When I did the research in 2020, linked above, the city was purchasing a low of about $21,000 a month in the the winter and a high of about $31,000 a month in summer from the solar farm owner. It is a 2 megawatt facility.
How much the city is saving by now purchasing that electricity from Sierra Electric is unknown. Let the city do its own research and reporting on the last five years. I already did it once, only to be called a liar by members of the Public Utility Advisory Board. They didn’t specify what facts I got wrong, simply claimed I was “making the city look bad.”
Easley or past city managers should have been reporting each year on the state of the contracts and rates the city has with its three electric wholesalers, WAPA, Sierra Electric and the solar farm.
But the city commissioners have allowed directors and city managers to not give regular fact-based reports since Juan Fuentes became city manager fifteen years ago.
Easley and other long-presiding department heads have been conditioned to not report, to not plan, to not give financial figures or analysis. I don’t blame Easley or other department heads for not reporting. I blame the city commission.
Now that Whitehead is bringing back reports, it’s going to take a while to train department heads what facts and figures and issues are salient. The city commission probably won’t change. They won’t use the information to plan and make decisions. As in the past, they will “trust” the city manager is doing their job of fiscal oversight.
Still, the city commission must sign off on what is put before them. I asked Whitehead to urge the city commission to act now, to cancel the solar farm contract for nonperformance, with no response so far.
Why they haven’t seized the chance to cancel over the last two years is evidence of the city commission’s entrenched know-nothing hunkydoryism.
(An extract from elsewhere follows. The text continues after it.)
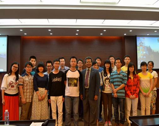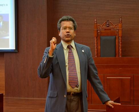 本网讯(文字:沈俊芳 摄影:邢艺欣 来源:365英国上市公司庄婉宜) 继上学期讲座“The Chinese Dream and American Happiness: Does the Constitutionalism Matter?”之后,2014年4月24日15点,乔治梅森大学的教授Patrick Mendis 又来到了广外。外交学社在大模拟法庭举办由Patrick Mendis主讲,以“The US Mid-Term Elections and their influence on Sino-American Relation”为题的讲座。

The 2015 the city commission stupidly approved a 25-year contract. When solar panels were and are a rapidly improving and developing technology.
In 2015 solar panels had a 15 to 22 percent efficiency rating compared to 22 to 40 percent in 2025. The price of solar panels has dropped 90 percent in the last ten years, along with the price of kilowatts. https://ourworldindata.org/data-insights/solar-panel-prices-have-fallen-by-around-20-every-time-global-capacity-doubled
But the city commission ensured the 4,000 electric ratepayers won’t be able to benefit from better technology and lower electric rates by tying them to a really stupid contract–unless they act now to correct that mistake.
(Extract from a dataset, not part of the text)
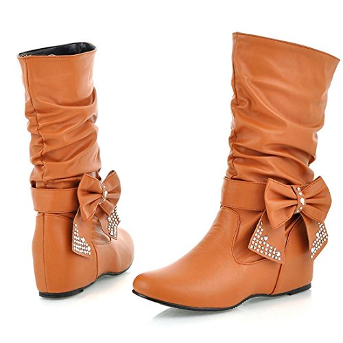 Binding : Apparel Product Description Inornever offers a wide array of styles including heels,wedges,flats,shoes,sandals,booties and boots. Below it will help us choose right size for shoes,compare the chart size with your feet length carefully before ordering.Thank you! Size Chart(cm): Women US5=Foot Length 215-220mm Women US5.5=Foot Length 220-225mm Women US6=Foot Length 225-230mm Women US6.5=Foot Length 230-235mm Women US7=Foot Length 235-240mm Women US7.5=Foot Length 240-245mm Women US8=Foot Length 245-250mm Women US8.5=Foot Length 250-255mm Women US9=Foot Length 255-260mm Women US9.5=Foot Length 260-265mm Women US10=Foot Length 265-270mm This style can be for just about any outfit with designs to help accentuate your legs and highlight your creative and fashionable look! These Inornever Women's Sweet Slouchy Flat Boots Increased Within Mid Calf PU Knight Boots with Bows are exactly what every fashionista is looking for. Perfect for all day wear,dressy or casual! We love animals as much as you do!No animals were hurt during the production of these shoes.They are made with 100% vegan materials from top to sole are all from man made materials.We only work with and carry manufacturers or brands that are very environmentally conscious! 0

I am submitting this comment on behalf of James Nelson of Magdalena, who had trouble getting his comment accepted:
Thanks for reporting this and for the coinage “hunkydoryism”! Though it seems like a rock that could be hurled with equal force in any direction.
Please note the error in ” the city was buying about 2 megawatts of electricity a year”. This confusion of power with energy appears all the time in the NYT and ABQJ, papers of record.
Megawatts are units of power, which is the rate of energy delivery per unit of time. We can’t buy a rate — we’d laugh if someone said they “bought 30 mpg per year” with their car.
What we buy and sell is energy, which is measured in power times the time it’s exerted. Two megawatts exerted over one hour generates two megawatt hours (MWh).
Did the city buy two MWh per year? If so, it should have spent only a few hundred dollars per year at current energy prices, not $21,000 per month. I generate that much energy in two months with my household solar panels. Did the city pay a set amount per year for whatever energy was generated at a rate of 2 MW? But that’s not how we buy energy — a glance at a household electric bill shows that we’re paying for each kWh we consume, not for access to a generation utility with 1 GW of power. What’s missing from this story (unless the money is the whole story, in which case why are we talking about megawatts at all?) is the amounts of energy purchased, in MWh.
I am fixing the error now. Thanks so much for the correction.